Progressive Conservatives used to be the nicer face of conservatism. You could have fiscal responsibility and social progressivism without any apparent contradiction. For a long time you could vote Progressive Conservative to punish a Liberal government that had gotten too uppity for its own good, and if you lived in one of Canada’s larger cities you could call yourself one without too many people looking at you sideways.
But then a funny thing happened. The federal PC Party collapsed. The Ontario PC Party lost 4 elections in a row and are now led by a man who is most definitely not a Progressive Conservative. PCs are out of power provincially in the East except for Newfoundland and Labrador, where it looks like they are on borrowed time. Alberta’s 44 year PC dynasty crumbled, Manitoba’s franchise faces an uphill battle, and they are nonexistent in Saskatchewan, Quebec, B.C., and the North.
Here’s how I think it happened. First, nobody was ever quite sure what a Progressive Conservative was.

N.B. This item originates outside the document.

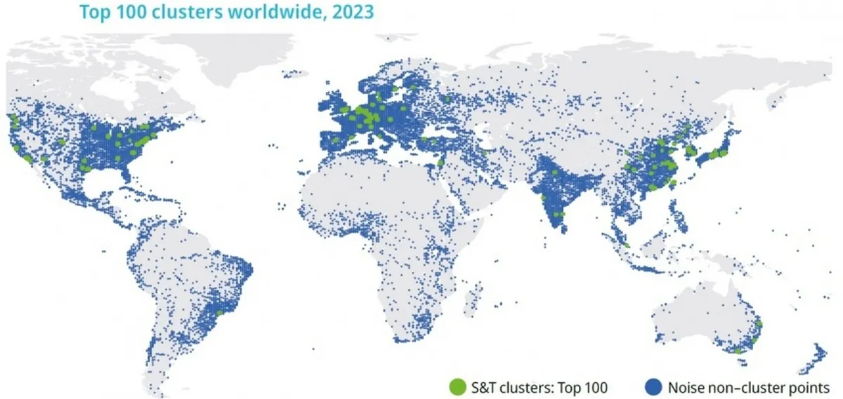 بر اساس گزارش سازمان جهانی مالکیت فکری، برترین خوشههای علم و فناوری دنیا در جنوب شرق آسیا در کشورهای ژاپن، چین و کره جنوبی قرار دارند. مناطق یوکوهاما در ژاپن، گوآنژو در چین و سئول در کره جنوبی به ترتیب رتبه اول تا سوم را به خود اختصاص دادهاند. اولین شهر غیرآسیایی، منطقه سانفرانسیسکو در آمریکا است که رتبه ششم را به دست آورده است.

We certainly know what a Progressive Conservative isn’t. It isn’t a Liberal, and it isn’t too progressive and it isn’t too conservative. That’s a nice compromise, but compromises don’t motivate people.
At best, voters would park their votes with the PCs because the other options were too scary, weird or corrupt. Then, when another option looked more suitable, the voters would bolt.

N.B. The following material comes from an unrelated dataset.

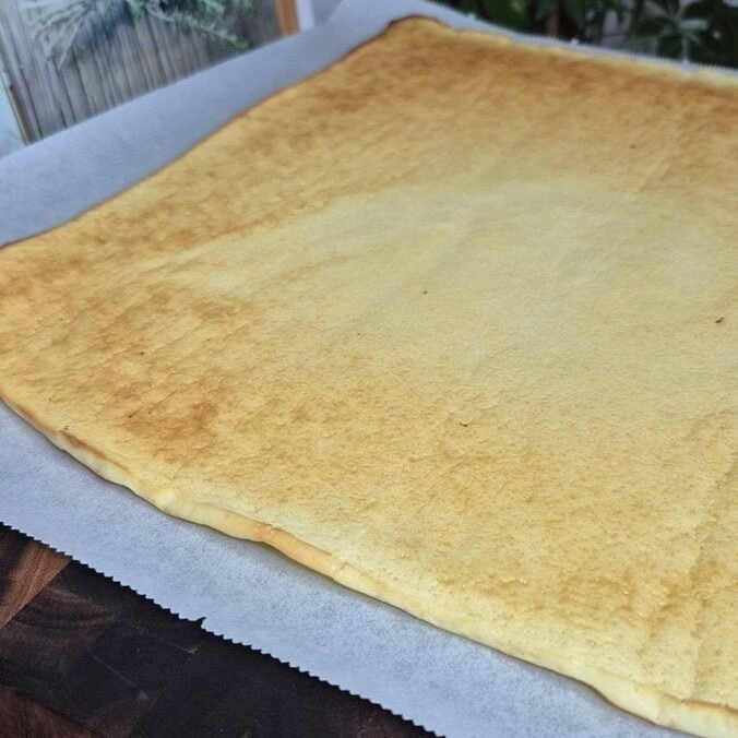 This is the key moment. Rolling works best when the cake is warm and flexible.

Now when you are a compromise party, governing as though you will govern forever is a terrible idea. But that’s exactly what PCs do. They think Canadians are a far too cautious and meek people to entertain the idea of voting for an “ideological” party.
Who will ever forget Jim Prentice’s dismissive attitude towards Rachel Notley at the leader’s debate? Or how the Ontario PCs delivered a budget from the floor of Magna Auto Parts? Or Kim Campbell’s remark that elections were no time to discuss serious issues?

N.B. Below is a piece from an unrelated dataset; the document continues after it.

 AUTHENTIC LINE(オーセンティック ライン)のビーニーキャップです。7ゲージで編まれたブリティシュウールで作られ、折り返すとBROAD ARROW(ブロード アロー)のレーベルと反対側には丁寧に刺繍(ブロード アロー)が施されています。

Even when they do lose, they assume it’s a temporary setback and refuse to change, thinking that the voters will come back to their senses. The Ontario PC Party is perhaps the worst offender, running famously clumsy, tone-deaf campaigns while ignoring and silencing their critics.
It’s a fine way to repay voters and supporters for cautiously trusting you. And so, parties that were farther to the left and right began to find more Canadians were listening.
These days, campus lefties have a better shot of entering a Canadian legislature than ever before. Rachel Notley may soon be nominating someone who believes George W. Bush created ISIS into her cabinet.
Hands up, those of you who would trust Progressive Conservatives to stand up to left-wingers who want to slap trigger warnings on everything? I didn’t think so.
We’re not the only ones, either. Supposedly left-leaning Torontonians tapped Rob Ford and his eponymous Nation to try and clean up the mess David Miller made, while taking a pass on the compromise candidates favoured by PC elites. Then, Monte McNaughton shook up the boring PC Party of Ontario leadership race and helped Patrick Brown defeat the Red Tory establishment by a very wide margin.
It may be that Canadian politics is just getting more polarized. That would explain the movement of the federal and Ontario Liberals to the left, while the BC and Quebec Liberals shift right.
One thing that can be said for Liberals is that they are savvy enough to move to where the power lies. That leaves the PCs stubbornly clinging to a centre that increasingly cannot hold.
So, who killed the Progressive Conservative? The sad answer is: They did it to themselves.